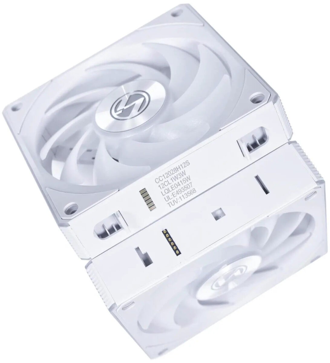 White Lian Li UNI RGB CL Wireless 120mm fan with ARGB lighting; no controller needed, easy install, static-pressure design for strong cooling.
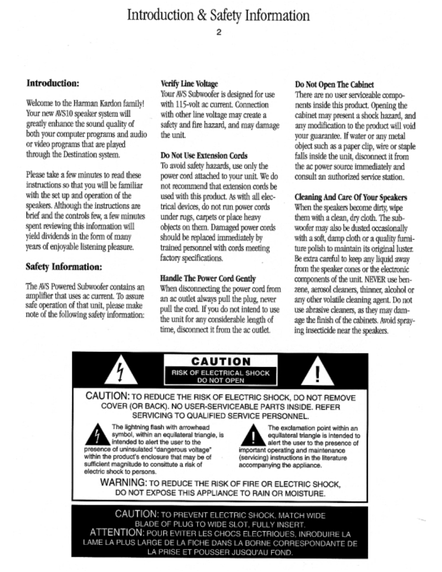 AVS10-AVAP1G-AVAP2G-AVAP5GHK使用说明书手册找手册网29天前发布关注私信1.56MB8页035AVS10-AVAP1G-AVAP2G-AVAP5GHK使用说明书手册此内容为付费资源,请付费后查看¥19¥21黄金会员免费钻石会员免费登录购买付费资源 第1页 / 共8页 第2页 / 共8页 第3页 / 共8页 第4页 / 共8页 第5页 / 共8页 第6页 / 共8页 第7页 / 共8页 第8页 / 共8页 已完成全部阅读,共8页 THE END哈曼卡顿/飞利浦 文本预览 Harman Kardon AVS10Surround Sound Speaker SystemOwner's Manualharman/kardon 查看更多 收起部分 喜欢就支持一下吧收藏
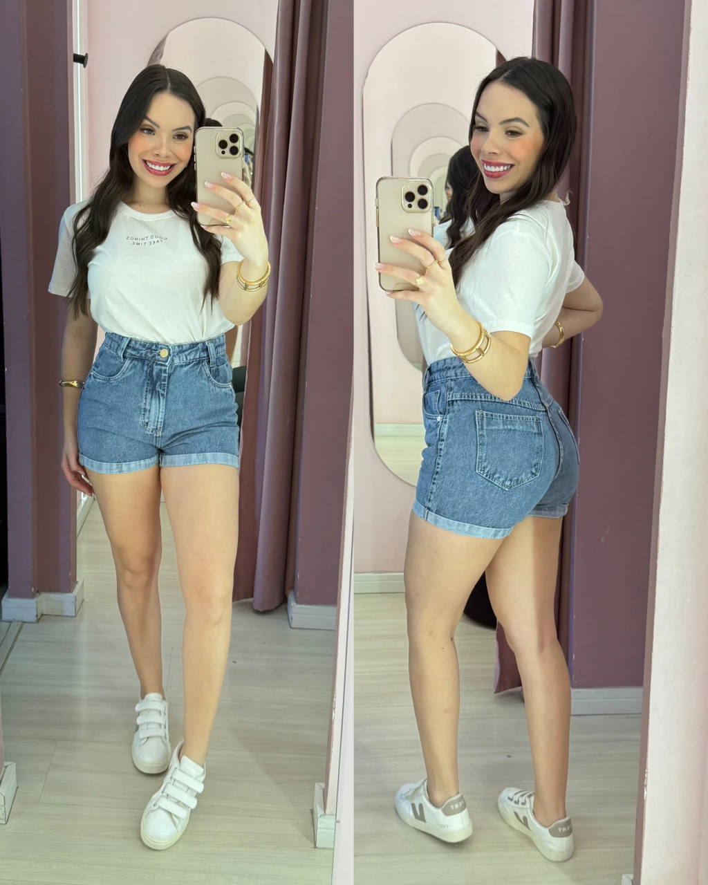 Shorts jeans sem elastano, modelo usou tamanho 38
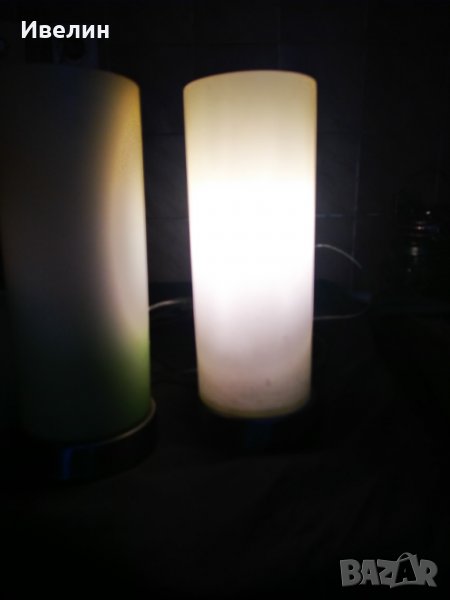 две настолни лампи в арт стил.метална основа, стъклен корпус.високи са 28см,диаметър 10см.цената е за двете.само едната е 25лв,

---*---

REQUIRED WORK: An exact copy of the listing is required, excluding any pictures.

RESULT BELOW:
 White Lian Li UNI RGB CL Wireless 120mm fan with ARGB lighting; no controller needed, easy install, static-pressure design for strong cooling.
 AVS10-AVAP1G-AVAP2G-AVAP5GHK使用说明书手册找手册网29天前发布关注私信1.56MB8页035AVS10-AVAP1G-AVAP2G-AVAP5GHK使用说明书手册此内容为付费资源,请付费后查看¥19¥21黄金会员免费钻石会员免费登录购买付费资源 第1页 / 共8页 第2页 / 共8页 第3页 / 共8页 第4页 / 共8页 第5页 / 共8页 第6页 / 共8页 第7页 / 共8页 第8页 / 共8页 已完成全部阅读,共8页 THE END哈曼卡顿/飞利浦 文本预览 Harman Kardon AVS10Surround Sound Speaker SystemOwner's Manualharman/kardon 查看更多 收起部分 喜欢就支持一下吧收藏
 Shorts jeans sem elastano, modelo usou tamanho 38
 две настолни лампи в арт стил.метална основа, стъклен корпус.високи са 28см,диаметър 10см.цената е за двете.само едната е 25лв,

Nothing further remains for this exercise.